About this task ▸
Print the lines below from the line with "2. Selecteer Server-naar-Server" to the line with "Personenbezogene Daten auf" exactly, keeping both ends, and print no pictures.

Material for this exercise ▸
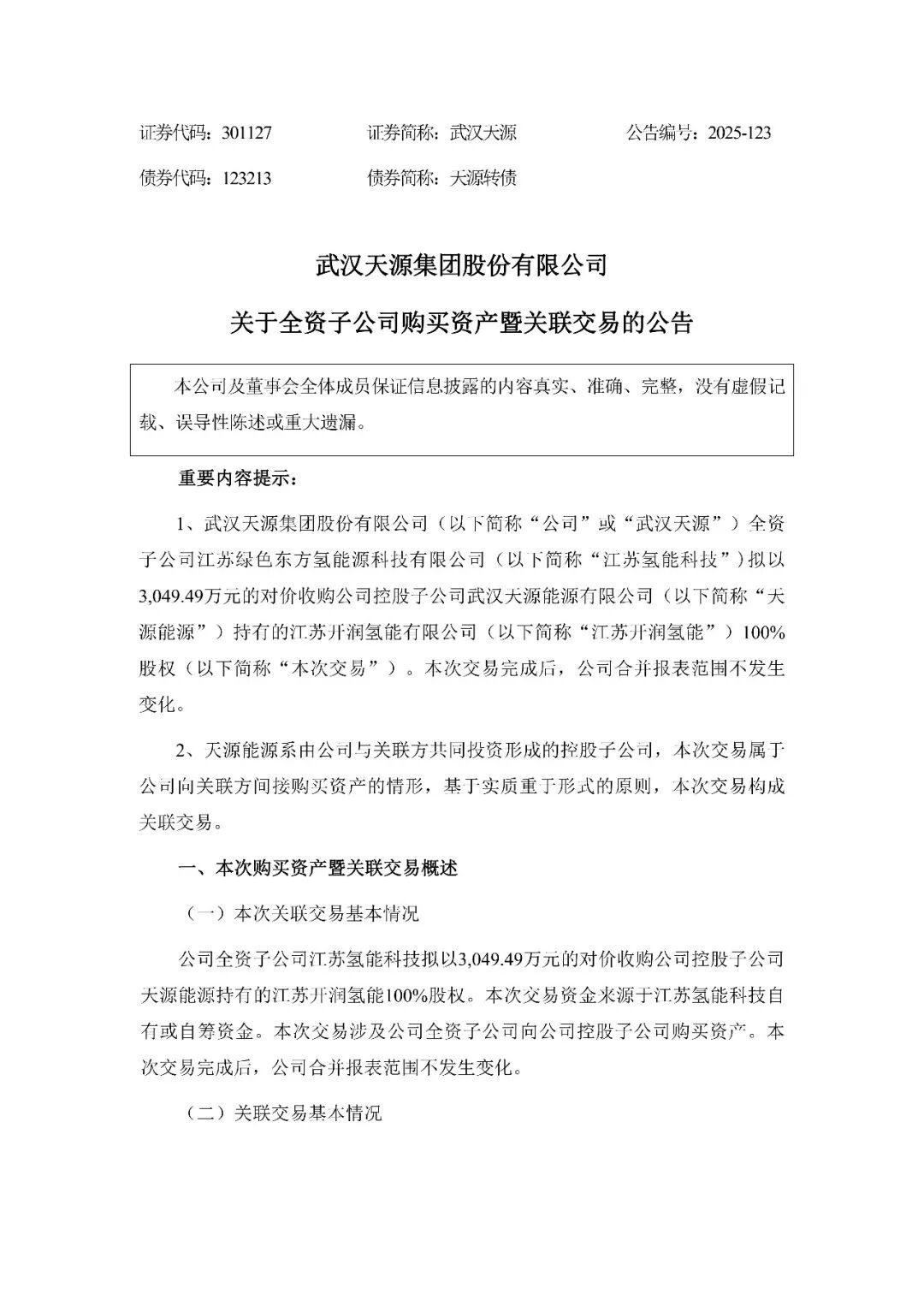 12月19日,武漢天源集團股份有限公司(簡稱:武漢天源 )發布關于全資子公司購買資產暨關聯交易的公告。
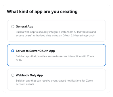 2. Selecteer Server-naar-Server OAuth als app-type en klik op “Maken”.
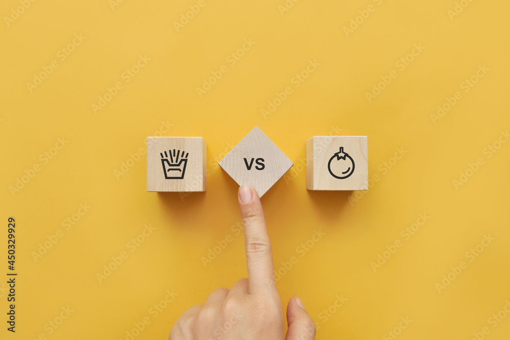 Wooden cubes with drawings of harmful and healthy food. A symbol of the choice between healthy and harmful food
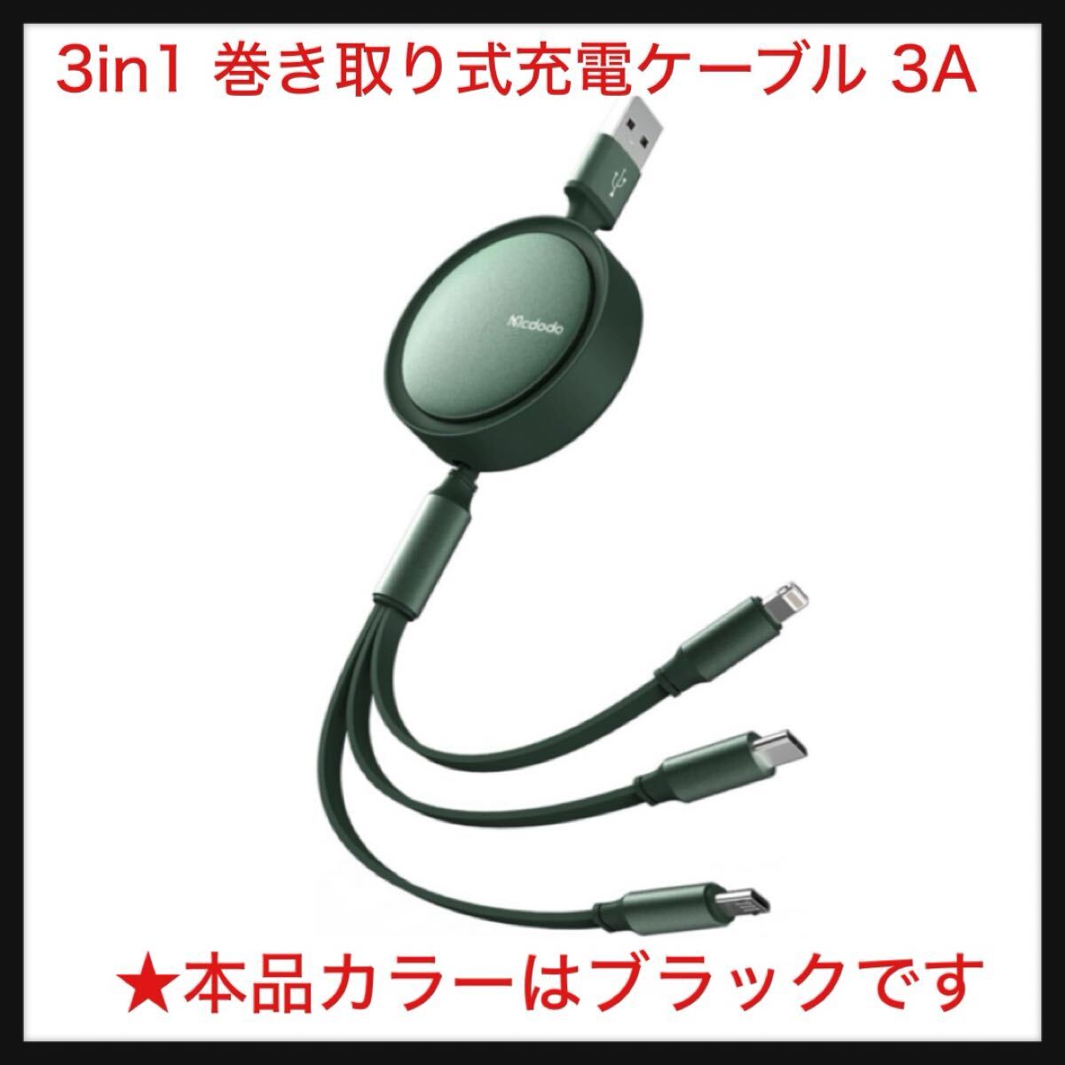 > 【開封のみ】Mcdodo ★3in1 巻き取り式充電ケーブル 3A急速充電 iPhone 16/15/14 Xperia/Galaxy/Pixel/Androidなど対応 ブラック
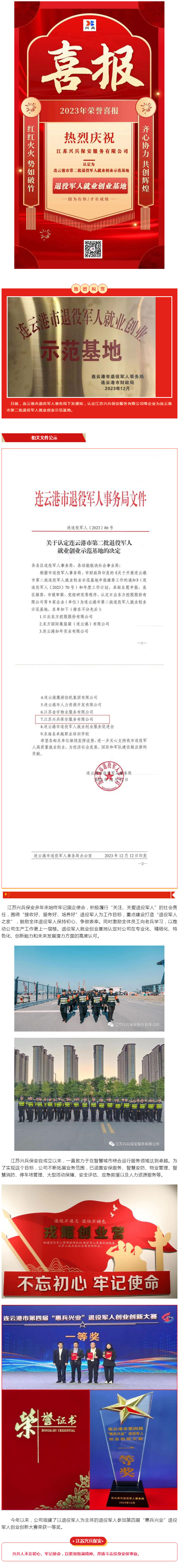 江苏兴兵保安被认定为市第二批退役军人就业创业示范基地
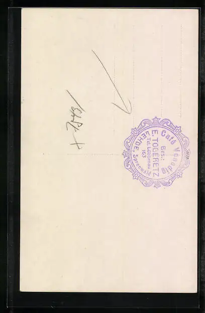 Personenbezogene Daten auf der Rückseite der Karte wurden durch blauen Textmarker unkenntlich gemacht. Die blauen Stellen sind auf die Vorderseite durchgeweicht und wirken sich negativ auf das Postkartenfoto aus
* * *
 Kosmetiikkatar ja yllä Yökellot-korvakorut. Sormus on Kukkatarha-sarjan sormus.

Answer below ▸
 2. Selecteer Server-naar-Server OAuth als app-type en klik op “Maken”.
 Wooden cubes with drawings of harmful and healthy food. A symbol of the choice between healthy and harmful food
 > 【開封のみ】Mcdodo ★3in1 巻き取り式充電ケーブル 3A急速充電 iPhone 16/15/14 Xperia/Galaxy/Pixel/Androidなど対応 ブラック
 江苏兴兵保安被认定为市第二批退役军人就业创业示范基地
 Personenbezogene Daten auf der Rückseite der Karte wurden durch blauen Textmarker unkenntlich gemacht. Die blauen Stellen sind auf die Vorderseite durchgeweicht und wirken sich negativ auf das Postkartenfoto aus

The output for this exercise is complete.